ISRAEL: Researchers see Tunisia as a textbook revolution
Revolutions seem to take place all of a sudden, but usually they don't really come out of the blue. Whether religious, political or economic reasons are behind upheaval, it often reflects a long process that reached a tipping point and a window of opportunity.
The time must be right but the ground must be ripe, too. In this context, an Israeli research group suggests Tunisia's was a textbook revolution. Not in the sense that it was a perfect storm or that it followed a certain formula -- no two revolutions are the same -- but in the sense that it may actually have begun in school textbooks.
The Institute for Monitoring Peace and Cultural Tolerance in School Education (IMPACT-SE) is a group that conducts in-depth studies of school curriculum throughout the Middle East, checking hundreds of books per country and they way they teach about tolerance and peace.
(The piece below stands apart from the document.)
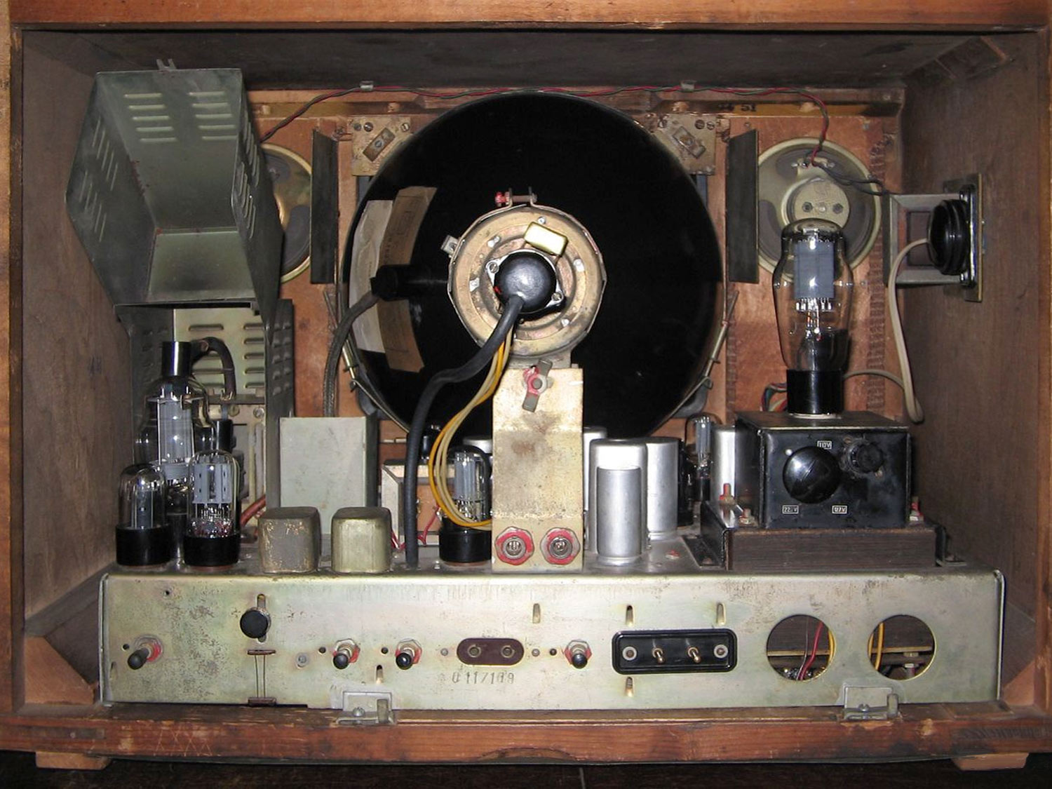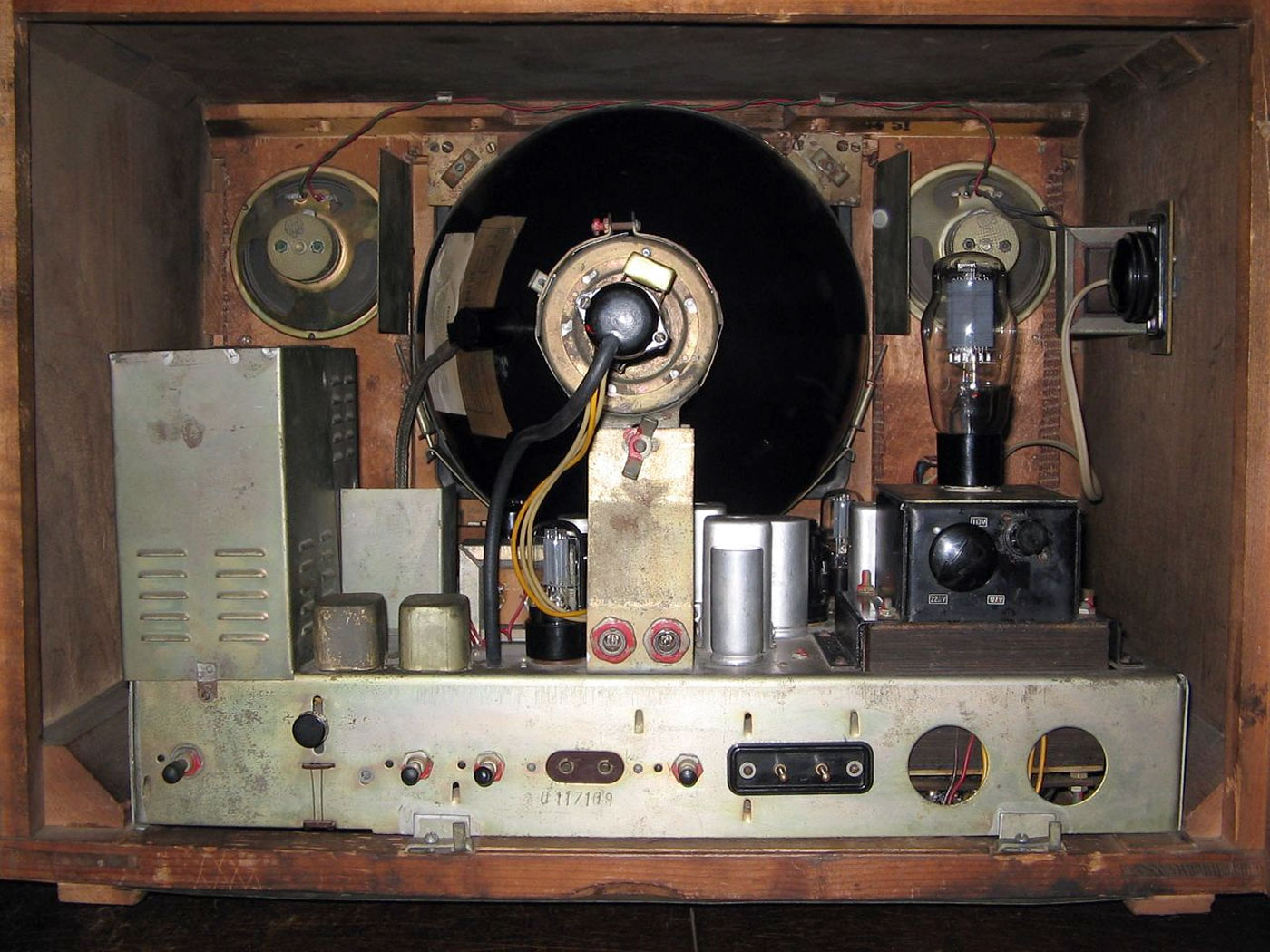 шасси из металла, помещённое в ящик из полированного дерева. Габариты телевизора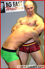 The third and final fall finds the wrestlers all warmed up for a fight to the finish, with hardly a trace of the friendly, easygoing tussle we started with. After the third fall, though, these dudes are still raring to tear into each other, leading to a decisive finisher, a clean, mean sleeper, the kind BG East has built its worldwide reputation on! A terrific debut by two stunning and very sexy hot lookers with lots of muscle and know-how!

A comprehensive study of the Tunisian curriculum, completed in 2009 and presented before the European parliament, found that education in Tunisia cultivates equality and is much more progressive in teaching tolerance than any other Arab country.
But it wasn't always so, says Yohanan Manor, a retired Jewish Agency official and political scientist who established the research group a decade ago. According to Manor, Tunisia began instituting educational reform in the mid-1990s, when Zine el Abidine ben Ali (who was overthrown last month) appointed a political opponent as minister of education. Mohamed Charfi, who died a few years ago, was a lawyer and longtime human rights leader in Tunisia and a fierce critic of Ben Ali, in particular concerning human rights issues.
The now-deposed president had placed Charfi in charge of the education ministry, maybe so that he could keep an eye on him but also because Ben Ali was interested in letting the rights leader implement his agenda, which was separating religion and state, Manor said, noting that the issue is a longstanding one in Tunisian history.